Delek – the Israel Fuel Company Ltd. (TASE: DLKIS; Delek Group holds 86%
end-Q4 2008): Net income for 2008 was NIS 58 million compared with NIS 265
million
in the same period last year. In the third quarter of last year,
Delek Israel had a non-recurring capital gain of approximately NIS 91 million
from the sale of 39% in Amisragaz.

Revenue, gross and operating profit were higher in 2008 and were driven
by improved operating efficiencies, an increase in volume of sales, an
increase in the contribution of the convenience store chain and the inclusion
of the production and storage operations acquired August 2007.

However, these increases were partially offset in the last quarter of
2008, due to a sharp decrease in fourth quarter fuel prices. This affected
gross and operating margins due to steep inventory losses in the fourth
quarter compared with an inventory profit last year.

Delek Benelux was established in August 2007 following the acquisition of
869 gas stations in the Benelux region. Net loss for 2008 was EUR9 million,
compared with net profit of EUR5 million for 2007.

Delek Benelux’s results were affected by the economic downturn that led
to a reduction in sales, in addition to heavy inventory losses in the fourth
quarter due to the sharp fall in oil prices.

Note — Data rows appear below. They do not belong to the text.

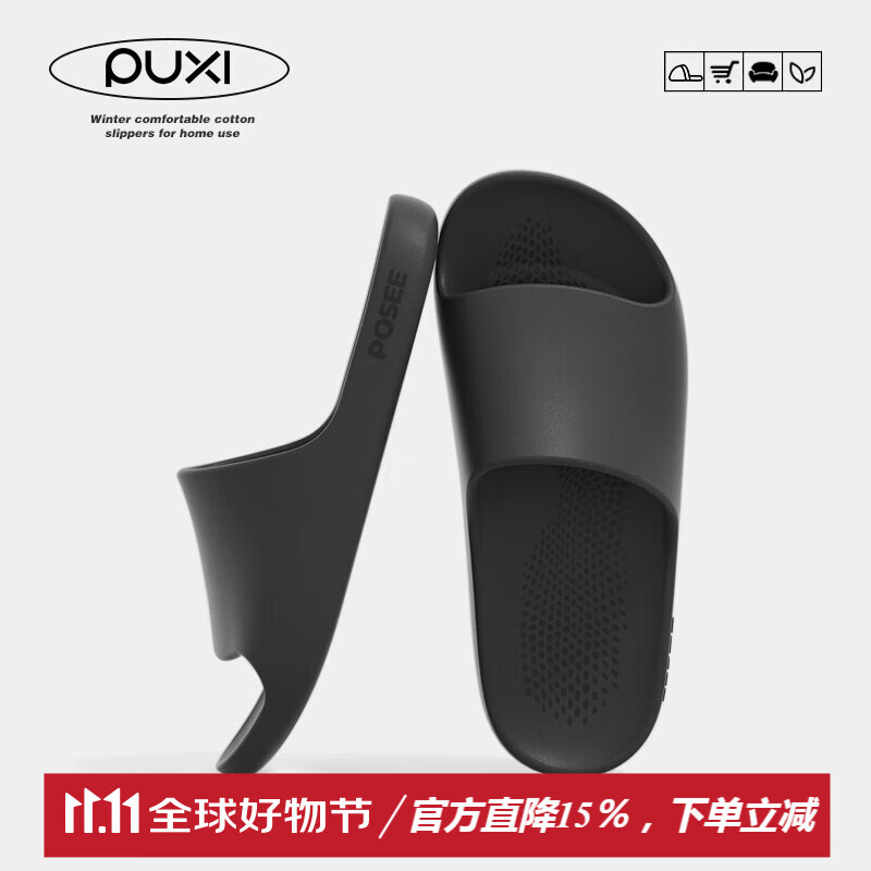 朴西气垫踩屎感凉拖鞋女家居室内情侣静音防臭防滑拖鞋男外穿夏 黑色 42-43
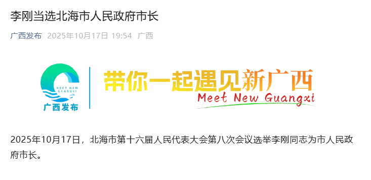 新京报讯 据广西发布微信公众号消息,2025年10月17日,北海市第十六届人民代表大会第八次会议选举李刚同志为市人民政府市长。
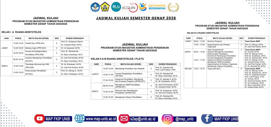 Program Studi Magister Administrasi Pendidikan telah menyelenggarakan kegiatan Sosialisasi Mahasiswa Baru Semester Genap Tahun Akademik 2024/2025 pada Rabu, 18 Desember 2025. Kegiatan ini bertujuan untuk memberikan pemahaman awal kepada mahasiswa baru mengenai sistem penyelenggaraan pendidikan, kebijakan akademik, serta kultur akademik Read More …
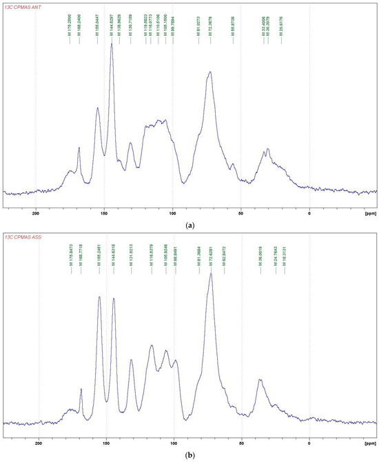 Comparison of 13C NMR spectra of ANT (a) and ASS (b) tannin extracts.
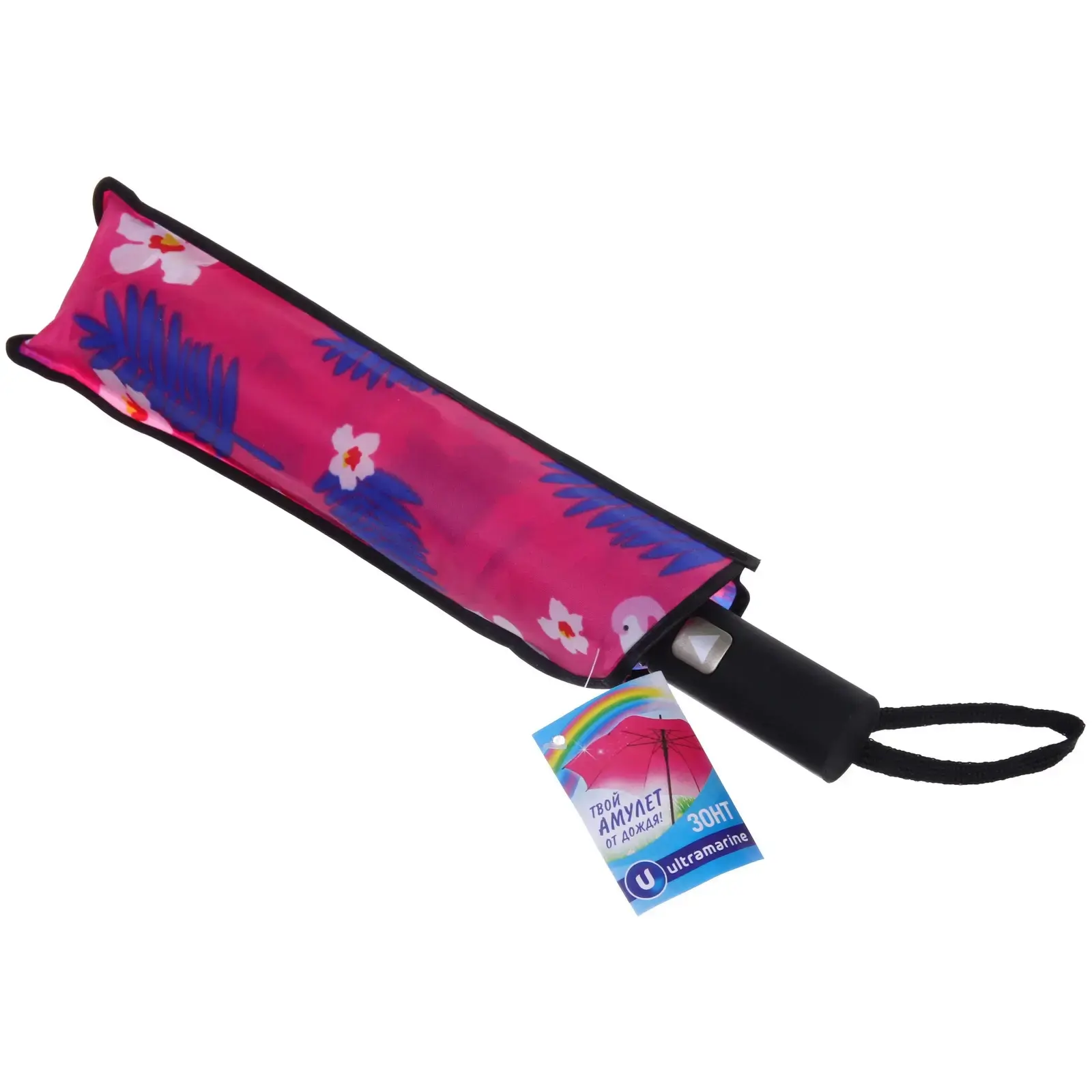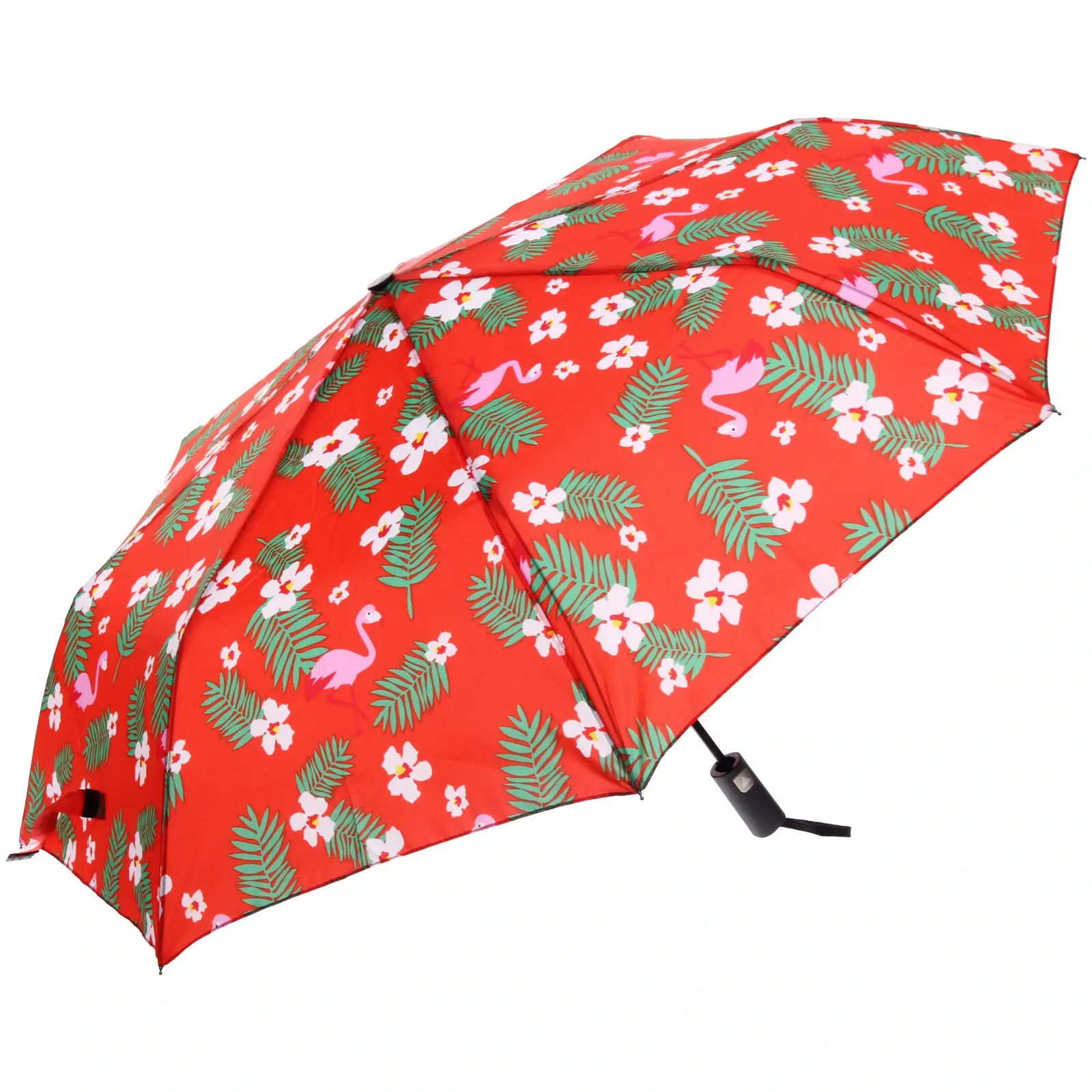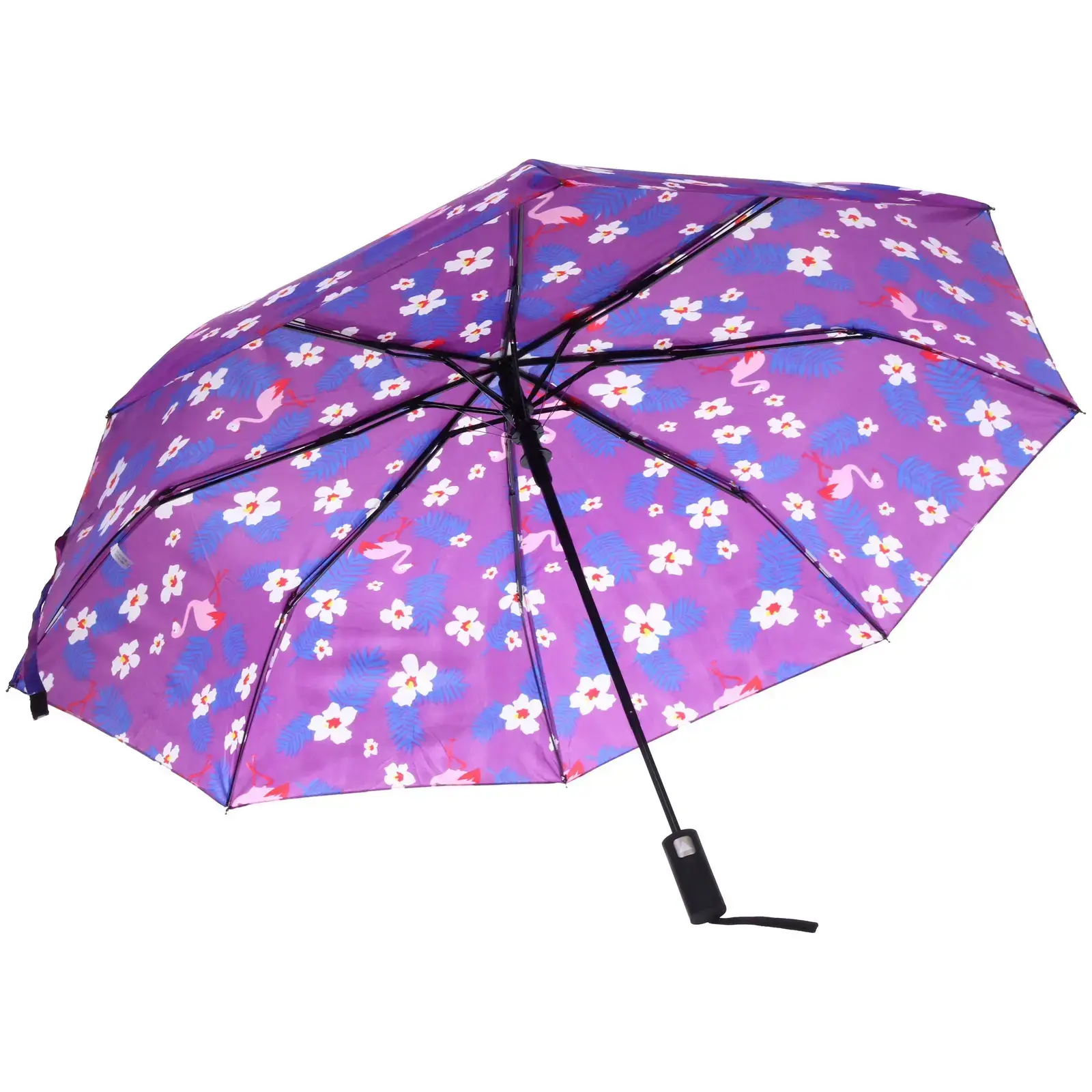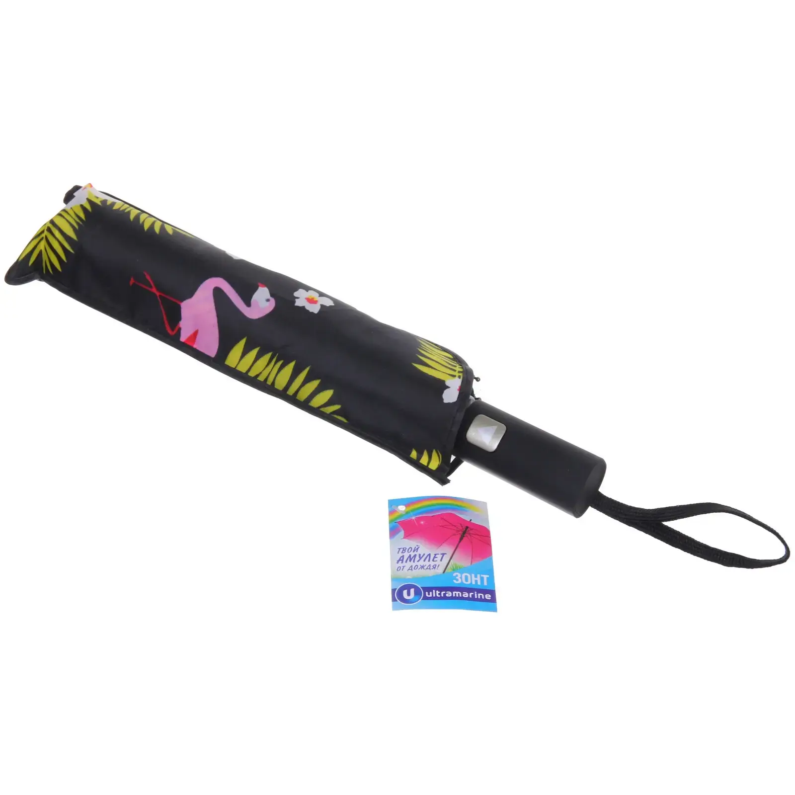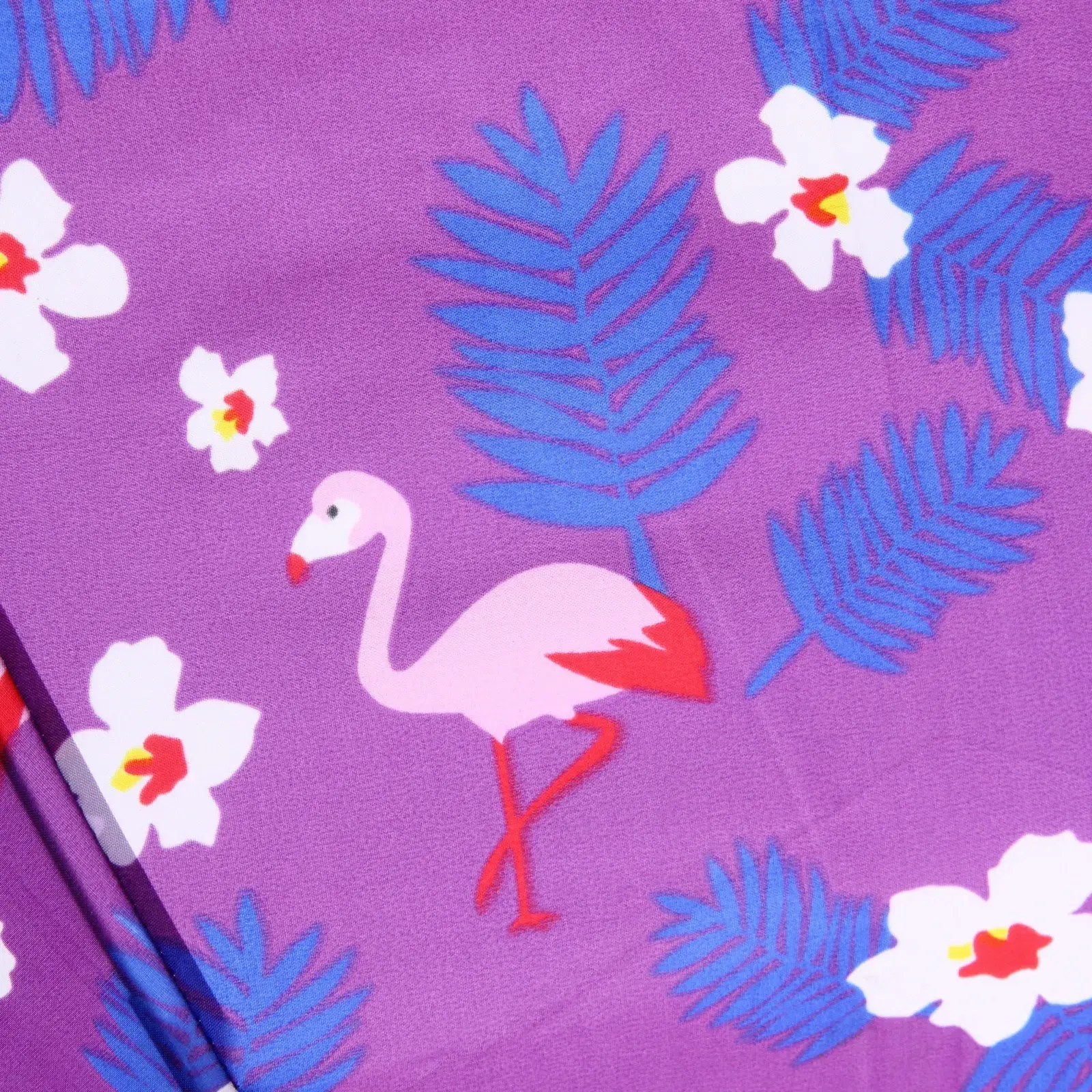 Зонт представлен в ассортименте из 6 ярких расцветок с тропическими мотивами: фламинго, экзотические цветы и листья на различных цветовых базах (розовый, фиолетовый, черный и другие). Цвет определяется случайным образом при отгрузке.
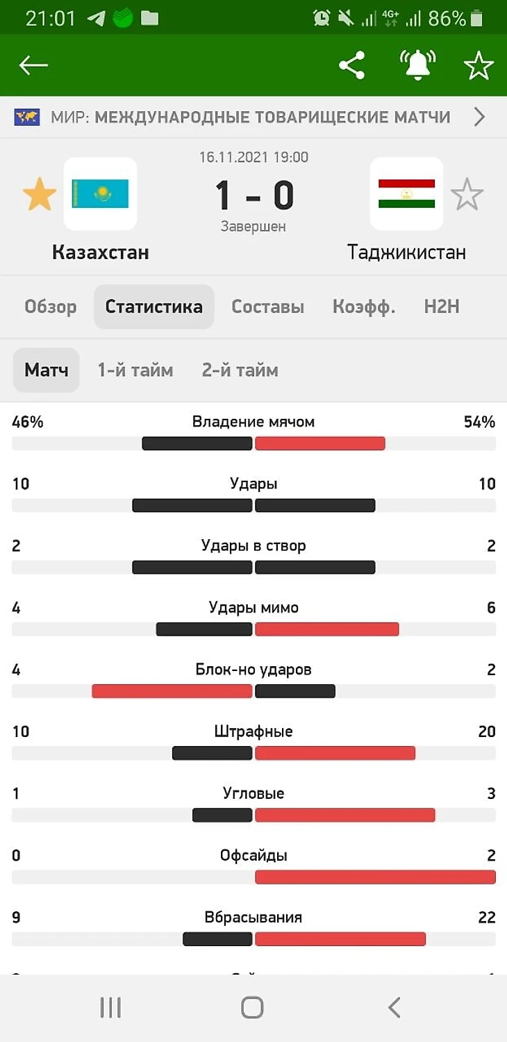 Через несколько дней прошел товарищеский матч против Таджикистана, где наши минимально победили. Но эта победа не принесла позитивного настроя фанатам сборной. Всех пугала плохая игра казахстанцев: по статистическим данным, наши были слабы во всех аспектах игры.
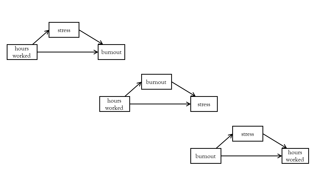 One common problem comes with doing “cross-sectional” mediation - i.e., you measure everything — X, M and Y — all at once, and then assess how much m mediates X->Y. The problem here is that we’re making very strong directional assumptions that X causes M (and not vice versa) and M causes Y (and not vice versa). This is especially common in psychology, where the things we are measuring a pretty difficult to measure! For example, lets suppose we do a survey and everybody gets scored on three variables: hours_worked, stress and burnout. We’re making a strong assumption by fitting model A, when model B or C could be just as valid, and will fit the data equally well (remember all these models have zero degrees of freedom - they all ‘fit’ perfectly!). One can make reasonable arguments for all of these — i.e., is it that if people work more hours then they feel more stressed? or could it be that if people stress about work, perhaps they tend to work more hours to try to alleviate the stress?
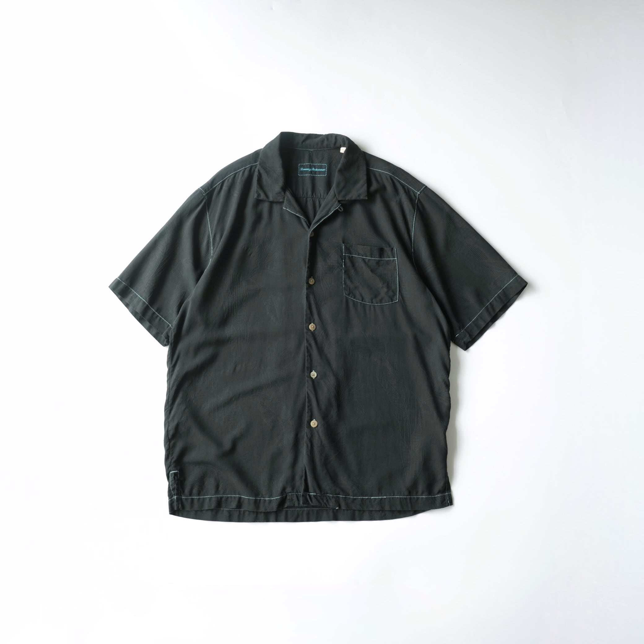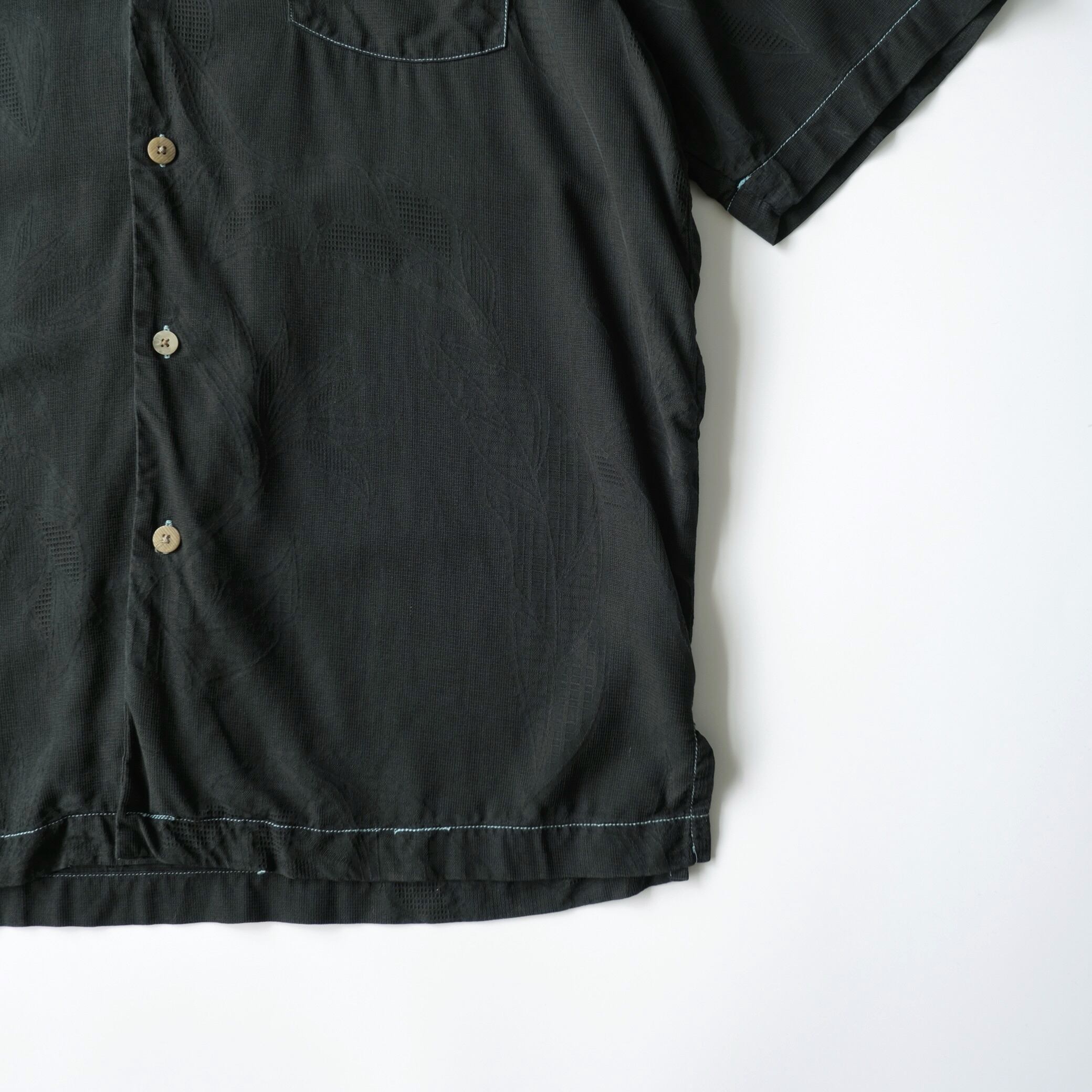 【Tommy Bahama】S/S Open-Collar Silk Shirt Black L
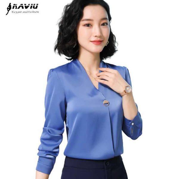 professional temperament shirt women retro spring long sleeve v neck chiffon blouses office ladies casual work 210604, White

The company also took the decision to streamline processes in the fourth
quarter, and relocated offices from their present locations in Rotterdam and
Brussels, merging them into one headquarter in the Dutch city of Breda. As a
result, in the fourth quarter of 2008 the Company made a material provision
of approximately EUR16 million.

The Oil and Gas Exploration, and Gas Production sector, generated a net
loss of NIS 9 million in 2008, compared to a net income of NIS 32 million in
2007. The loss in the year was primarily due to the abandonment of drills in
the North Sea and Vietnam. However, revenue increased 31% year-over-year from
the sale of gas in Israel, amounting to NIS 460 million, selling 3.5 billion
cubic meters of natural gas.

Delek Group is proud to announce that in early February 2009, it
confirmed the discovery of a very large and commercially viable natural gas
well called Tamar-1 in the Matan license area, off the Northern Coast of
Israel. The Tamar natural gas discovery has potential gross mean resources of
142 billion cubic meters. Work on the Tamar development plan is currently in
its initial stages, and is intended to bring first production to Israel in
2012.

In addition, natural gas was also discovered at the Dalit-1 well in the
Michal license area, and production testing will soon commence to establish
the commercial viability of the well, which is estimated at 20 billion cubic
meters. The additional discovery at Dalit enhances the exploration potential
which exists within the extensive offshore area owned by the company. Thus,
the Company is currently contemplating further exploration activity in the
area, including conduction of 3D seismic surveys.

Infrastructure

2008 was an eventful year for Delek Group’s infrastructure strategy, with
a focus on water desalination and power plant construction.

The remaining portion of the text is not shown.